Gunawardena: I’m Jeremy Gunawardena. I’m an associate professor in the Department of Systems Biology at Harvard Medical School. I was born in Sri Lanka … Ceylon, as it was called at the time. I grew up in England. My father was in the Foreign Service. We got transferred to England and England became home. And in fact, I was a pure mathematician. At the time I was doing pure maths. If anybody had told me I would be working in a medical school and studying biology, I would have fallen off my chair laughing. One of my problems is a pure mathematician – I don’t know if it was a problem – but it made me a little bit different from some of my colleagues was that I loved pure mathematics. I loved it’s rigor and clarity and beauty. But I also wanted to have some impact in the world. That schizophrenia never left me and it took me sort of sideways because … I was a postdoc at University of Chicago and we’re just setting up a computer science program there and I got sort of sidetracked into teaching computer science. And that was just, you know, a hobby. It wasn’t work. Maths was work and computer science was play. But teaching computer science sort of opened my eyes to the idea that pure mathematics could be used to study very complicated complex systems. And that took me into industry for a while.

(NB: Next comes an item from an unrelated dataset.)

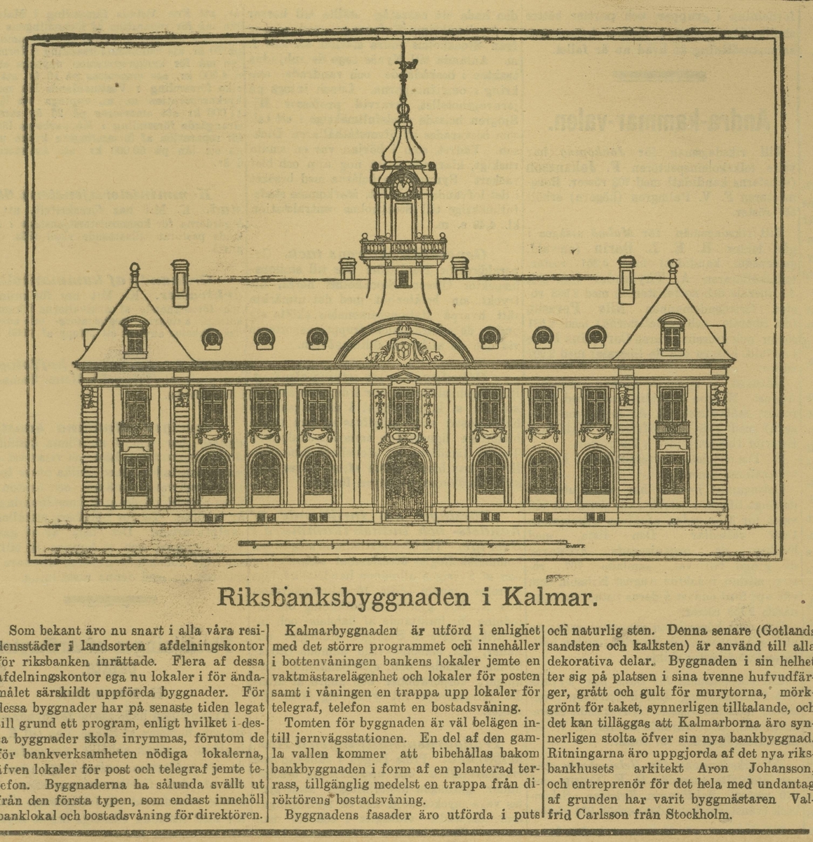 STOCKHOLMS DAGBLAD Söndag 28 September 1902. Riksbanksbyggnaden i Kalmar.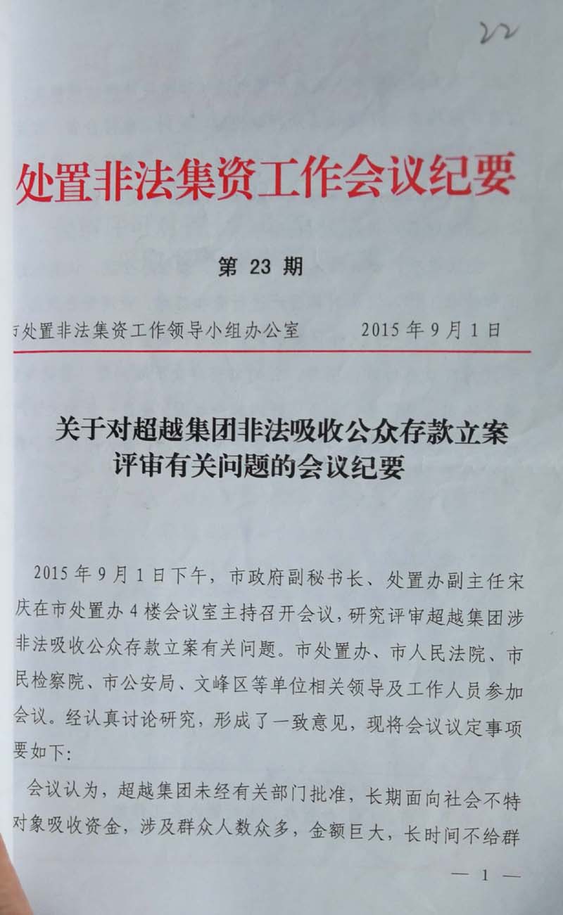 等企业家欠债不还的问题,2015年9月1日召开《关于对超越企业集团非法吸收公众存款立案评审有关问

And it took me a while to realize that computing systems: they’re great fun, they’re complicated, but they’re not really complex. And that realization sort of came about roughly about the time when the genome projects were starting. And I suddenly sort of wake up to this idea that complexity is really to be found in the living world and that biology is the source of it. And I didn’t actually think I was going to leave industry, but I had opportunity to come to Harvard as a visitor. And that was one of those experiences that completely change my own thinking. I realized that all the things I thought were interesting were actually wrong – or the wrong direction to take – and ultimately led to the position I have here, where I find myself, you know, sort of immersed in a biological world and trying to make sense of it with tools from mathematics.

Leigh: The single-celled organism that Jeremy and his team experimented with is called Stentor roeseli. As neither Ryan nor I had previously heard of them, we started out by asking Jeremy to tell us more about what they’re like, and what’s so striking about their behavior.